### DATASET CONTENT
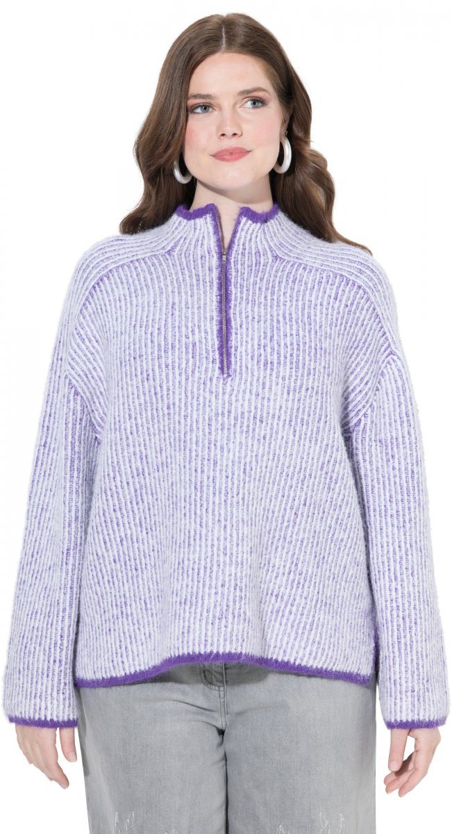 Mérettáblázat - Ulla Popken Striped Knit Long Sleeve Troyer Collar Sweater Purple
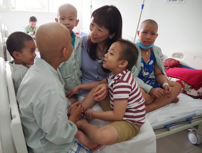 Tất cả bệnh nhi ung thư tại Bệnh viện Trung ương Huế và cha mẹ của các em luôn gọi chị Watanabe là "Mẹ". Ảnh: Kazuyo Watanabe.
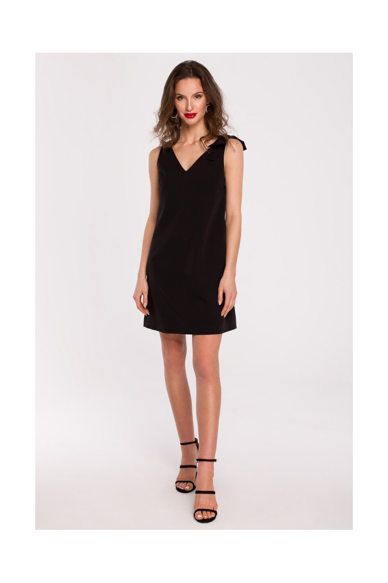 makover K128 Vienmērīga A-veida kleita ar loku - melna
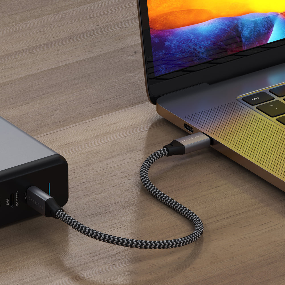 Complete your charging setup with the Satechi USB-C to USB-C Cable, featuring a durable design and shorter length to make on-the-go charging even more convenient.

### TASK DETAILS
The response has to be an exact copy of all the data, pictures excluded.

### REPLY TO THE TASK
 Mérettáblázat - Ulla Popken Striped Knit Long Sleeve Troyer Collar Sweater Purple
 Tất cả bệnh nhi ung thư tại Bệnh viện Trung ương Huế và cha mẹ của các em luôn gọi chị Watanabe là "Mẹ". Ảnh: Kazuyo Watanabe.
 makover K128 Vienmērīga A-veida kleita ar loku - melna
 Complete your charging setup with the Satechi USB-C to USB-C Cable, featuring a durable design and shorter length to make on-the-go charging even more convenient.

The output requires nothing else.